The Farthest
Director: Emer Reynolds
Talent: Frank Drake, Carolyn Porco, John Casani, Lawrence Krauss
Released: 28th July
In 1977 the USA’s National Aeronautics and Space Administration (NASA) launched two robotic probes, Voyager One and Voyager Two, for the purpose of studying in never-before-imaginable detail the outermost planets of our Solar System. Capitalising on a particularly rare alignment of Jupiter, Saturn, Uranus and Neptune, the space probes were able to slingshot from one planet to the next, in a journey that lasted 12 years, following a trajectory precisely mapped out by scientists and mathematicians on Earth.
You might reasonably have expected that the probes returned to NASA once their unprecedented mission of data collection was accomplished, or otherwise, that obsolescence and cosmic wear quickly deteriorated the pair. You would be wrong. Incredibly, both of these probes are still travelling through space, and in 2012 Voyager One became the first man-made object to ever exit our Solar System, piercing the magnetic bubble known as the heliosheath, and entering into interstellar space.

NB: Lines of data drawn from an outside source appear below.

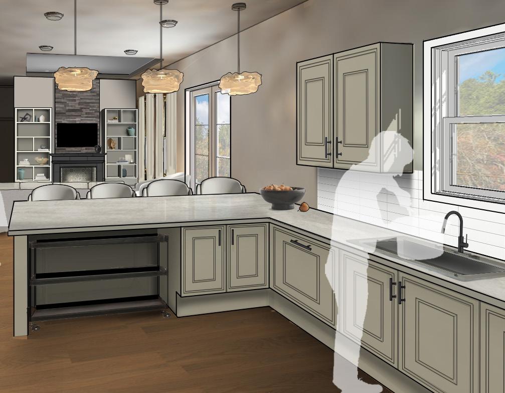 The design for the Williams residence is inspired and informed by the concept of ease. Successfully designing a home that accommodates aging in place is largely dependent on planning for the possibility of future ailments. The design uses both curvilinear and linear lines to reflect the concept of ease by creating visual interest and gradual movement throughout the interior. Contrast between light and dark materials and colors assists with depth perception and delineation of elements. The Williams residence successfully fosters feelings of comfort, tranquility, and ease, providing the clients with components that make aging in place easy and convenient.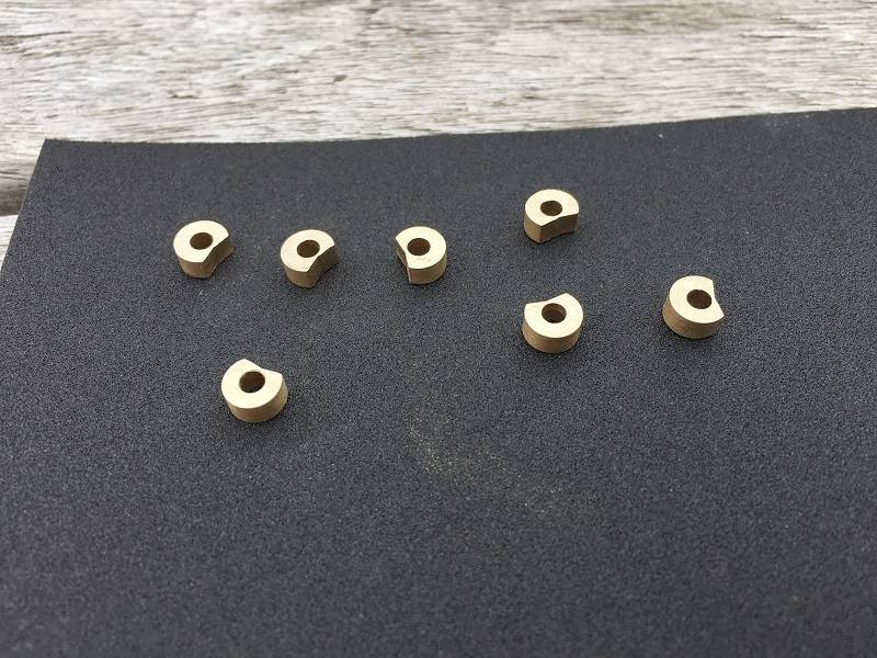 The parts of the hinge that come on the rudder I milled out of 3 mm brass. These 6 parts all have different lengths and are provided with a pin. For this purpose I have milled a groove on the head side, so that the pin can be soldered well into the fork. This way you don't see any soldering tin.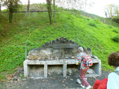 la parte restaurata in sasso con la fontana

Thus comes the concept behind the film’s title, and while it may not immediately strike you as particularly evocative, watching this documentary will open your eyes to the breath-taking scale it implies. Emer Reynolds, one half of the directorial team responsible for producing 2013’s excellent documentary Here Was Cuba, masterfully brings together a plethora of interviews with all of the major players of the Voyager Programme, interweaving their personal accounts with imagery of the probes’ journey through space, both real and digitally imagined.

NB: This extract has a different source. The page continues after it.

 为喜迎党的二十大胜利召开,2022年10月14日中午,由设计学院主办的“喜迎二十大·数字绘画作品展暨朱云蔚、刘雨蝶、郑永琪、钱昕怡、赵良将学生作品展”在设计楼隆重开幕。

While the format may sound somewhat predictable, the pacing and narrative of the film are far too engrossing for anyone to become bored. Watching the recorded footage, captured by the space probes as they incrementally approached their planetary targets – seeing what had hitherto never been seen by human eyes before – is a deeply affecting experience, and heightened by the scientists’ first-hand statements.
In an era consumed with the deterioration of our own planet, the outward gaze of this film is a powerful reminder that the future looked very different only one generation ago.